Thich Nhat Hanh used the example of a pine tree and suggested, what if that tree asked us what it could do to help the world? Our answer would be very clear: “You should be a beautiful, healthy pine tree. You help the world by being your best.” That is true for humans also. The most basic thing we can do to help the world is to be healthy, solid, loving, and gentle to ourselves. Then when people look at us, they will gain confidence and say, If he or she can do that, I can too. So anything you do for yourself, you do for the world, he said. “Don’t think that you and the world are two separate things. When you breathe in mindfully and gently, when you feel the wonder of being alive, remember that you’re also doing this for the world. Practicing with that kind of insight, you will succeed in helping the world. Youdon’t have to wait until tomorrow. You can do it right now.”

During the retreat, lectures invariably touched on the subject of anger, and I listened as he encouraged me to examine the anger I felt toward special interests that mislead the public about the environmental challenges we face.
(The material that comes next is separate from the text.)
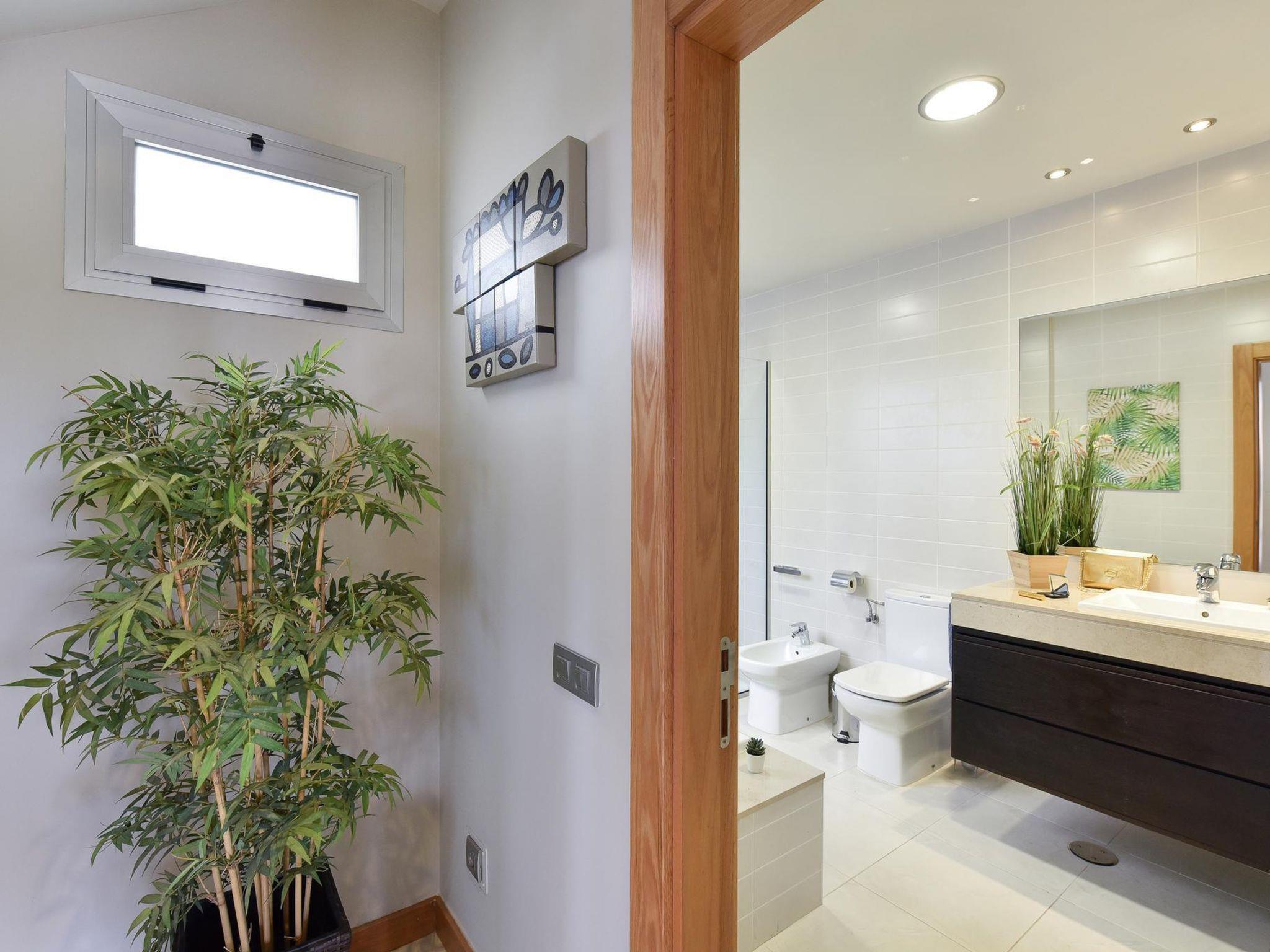 "Vista Golf 5", 3-room house 105 m2. Comfortable and modern furnishings: living room with digital TV and air conditioning. Exit to the patio, to the swimming pool. 1 room with 2 beds and air conditioning. Exit to the patio, to the swimming pool. Kitchen (oven, dishwasher, 3 ceramic glass hob hotplates, toaster, kettle, microwave, freezer, electric coffee machine) with dining table and dining nook. Shower/bidet/WC. Upper floor: 1 room with 1 french bed and air conditioning. Exit to the balcony. Shower/bidet/WC. Patio. Terrace furniture, barbecue, deck chairs. View of the garden and the forest. Facilities: washing machine, iron, children's high chair, baby cot for up to 2 year olds, hair dryer. Internet (WiFi, free). Parking (1 car). Please note: non-smoking house. Maximum 1 pet/ dog allowed. 2022-T6481 // Reg. Nr.: ESFCTU0000350120004894390000000000000VV-35-1-00175146

One day Thich Nhat Hanh told us Buddha’s story of the second arrow: When an arrow strikes you there is pain, but if a second arrow drives into the same spot, the pain is excruciating, much worse. The Buddha advised when you have pain in your body or your mind, breathe in and out and recognize the significance of the pain but don’t exaggerate its importance. If you are full of anger, worry and fear over the pain you magnify the suffering. This is the second arrow — and it is directed from within.